BUCKHANNON – Upshur County Commissioners on Thursday discussed changes to the county employee health insurance plan after learning their current method of funding employee health insurance – self-insurance – is no longer sustainable.
County administrator Carrie Wallace told commissioners they’d spent more than $1.6 million on employee health insurance in fiscal year 2018-2019 and had already spent close to $900,000 on insurance in the first five months of the 2019-2020 fiscal year alone.
Fiscal years begin July 1 and end June 30 of the following year.
“So far, for the five months of this fiscal year, your health insurance has cost just below $900,000,” Wallace said. “Last year, it was upwards of $1.6 million. You can no longer afford to fund your self-insurance. You have been approached by a broker by the name of Pete Thackston with USI who has made a recommendation to switch over to PEIA (Public Employees Insurance Agency). There are two different PEIA plans, a state plan and a non-state plan.”
Wallace said the county plan would be considered a non-state plan, so if they make the transition, county officials would have control over how much employees contribute to their plans.
“He is highly suggesting Plan C, which, in his calculations, would be an expense [for the county] of about $800,000 per year,” Wallace said.

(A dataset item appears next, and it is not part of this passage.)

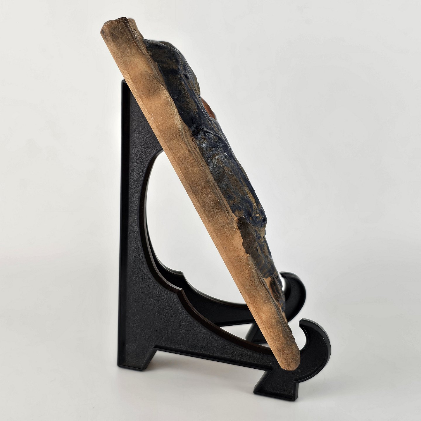 Relief med brun baggrund og to blå fugle, der kigger på hinanden

She said Plan C would result in employees having the same deductibles they currently have of $500 and $1,000 if they fund the Health Reimbursement Account or the Health Savings Account in the amount of $2,000 and $4,000.
“That’s similar to what you currently do with your self-insurance,” Wallace said. “By funding the HRA portion, it would keep the deductibles at $500 and $1,000.”
A deductible is the amount an individual or entity must pay before insurance kicks in to cover the cost of health claims.
She said the proposal also keeps the employee contributions per month for Plan C the same as what employees are currently paying at $20 for a single employee; $30 for an employee and children; and $40 with employee and spouse.
“Now, with PEIA, there are only three tiers, and we currently have four,” Wallace said. “We [currently] have single employee, employee plus children, employee plus spouse and family, so his recommendation would be to take family down to the same rate as employee and spouse of $40, which would actually be a decrease for employee contributions per month by $10 for family plans.”
Wallace said she has arranged for Thackston to attend the commission meeting Jan. 9, 2020 at 1 p.m. to present his proposal to the commission. He’ll also explain the proposal at the supervisor policy board meeting on Jan. 19, 2020.
“Our plan would be, like I said, to have him back at the supervisor policy board meeting on the 19th and then to schedule preliminary employee meetings the last week of January so employees can bring as an example their prescription list and talk to them about what would be best for them and what their coverage will be,” Wallace said. “They’ll be able to gather any documents necessary prior to open enrollment, which looks like it would take place at the end of March or beginning of April.”
In a self-insurance plan, which is what the county currently has, an employer assumes the financial risk for providing healthcare benefits to employees, according to the Self-Insurance Institute of America, Inc.
“In practical terms, self-insured employers pay for each out-of-pocket claim as they are incurred instead of paying a fixed premium to an insurance carrier, which is known as a fully-insured plan,” according to the website.